A report in the New York Times today, said that a Chinese company is building much of the new San Francisco – Oakland Bay Bridge. This is probably old news to many since the project has been several years in process already, but it was the first I heard about it.
It always seemed to me there is something distinctly American about building big things. Highways, railroads, skyscrapers, dams, shopping malls and most of all, bridges. Bridges have names and purposes. Bridges identify cities and excite travelers (“We crossed the GW at night and we could see all the city lights”). Bridges are our gateways and part of our heritage and pride.
Between 1849 and 1964 twelve new bridges in the United States extended the world record lengths for suspension bridges from 1,010 ft to 4,259 ft. Americans built all of them. Starting with the Wheeling, WV bridge finished in 1849 and measuring 1,010 ft. and ending with the Verrazano-Narrows bridge, which was the longest suspension bridge until 1981. It measured 4,259 ft. Some of these iconic twelve bridges include the Brooklyn Bridge over Manhattan’s East River, the Ben Franklin connecting Philadelphia and New Jersey over the Delaware River. the Golden Gate Bridge in San Francisco and the George Washington Bridge spanning the Hudson.
Imagine that! For 132 years, without interruption, we built the longest most beautiful bridges in the world. But since then…not so much. The Bay Bridge is not kid stuff. The costs are over 7 billion dollars, its really two bridges a viaduct and a tunnel. It’s big, it’s complicated and it’s here. Why aren’t Americans building all of it?

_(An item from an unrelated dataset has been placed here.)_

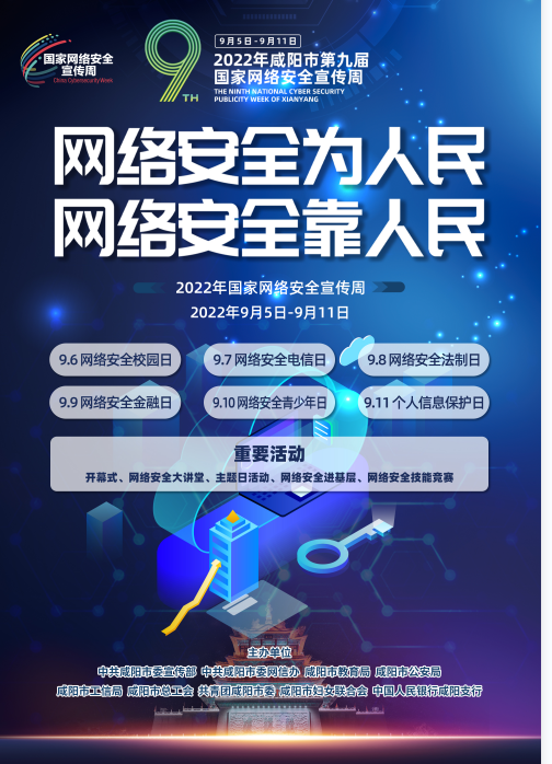 2022年咸陽(yáng)市第九屆國(guó)家網(wǎng)絡(luò)安全宣傳周。
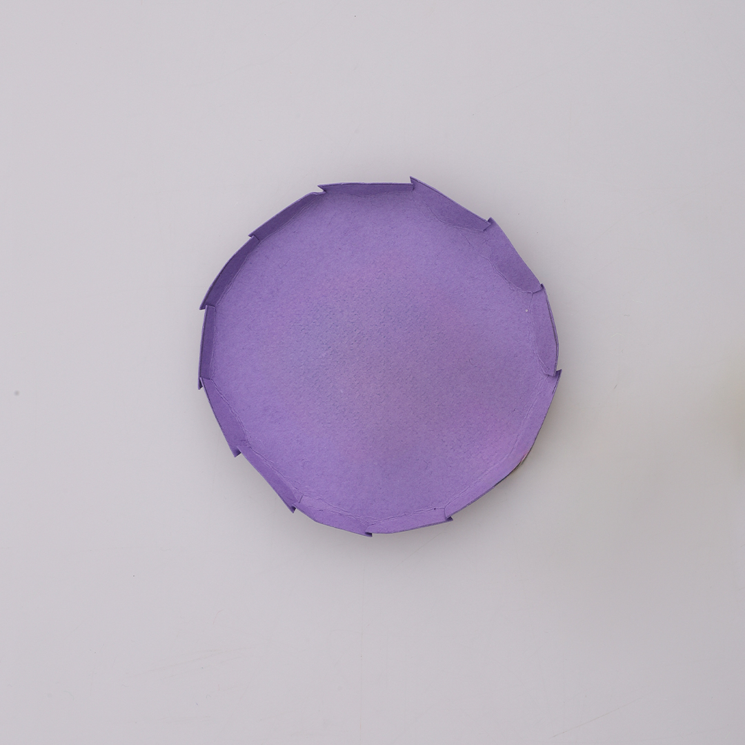 • Step 4Cut small, evenly spaced slits around 5mm long around your cardboard circle about 1cm apart. Fold each tab downwards. This will later fit inside your cup as a fake bottom.

Well from what I’ve read of the history of the Bay Bridge project there’s a host of reasons. The estimated costs were always too low and a constant moving target. The design spec got input from everyone and everywhere and became a beauty contest, and the politics, as you might expect were the usual snake pit. The one thing that did not seem to be on anyone’s mind was employing American workers to build it. The two American companies who were the prime contractor dismissed the capacity of domestic steel industry to fabricate the bridge. This even though the Chinese company had yet to build a bridge or use the technology that was contemplated by the design.
Cost seemed to be the over riding issue for California. The NYT states that California decided not to apply for federal funds since they would then have had to purchase from US manufacturers. This is a muddy area since other accounts indicate that they could forego that requirement if the foreign bid were more than 25% cheaper than the domestic costs. The NYT also quoted a Chinese steel polisher working on a section of the bridge as saying he is paid $12 per day.
If we could build new bridges for 150 years, why did we stop? Did we forget how? The Chesapeake Bay Bridge-Tunnel was built in less than four years with no federal, state or local governmant money. It’s almost 20 miles long and includes bridges, tunnels and four man made islands. The first two lanes cost less than $200 million and were completed in 1964. Two additional lanes were open in 1999. They cost less than $250 million. No tax dollars were used.
By now we’re use to the fact that manufacturing costs are lower in most of the world. We’re use to buying t-shirts, electronics, kitchen items, shoes, tires, just about any consumer goods from anywhere in the world. But bridges?
I’m not a protectionist. I’ve always been for free trade and against tariffs. They just don’t make sense. But bridges…OUR BRIDGES. And one of the guys building it makes 12 dollars a DAY!
I might have to re-think some of this.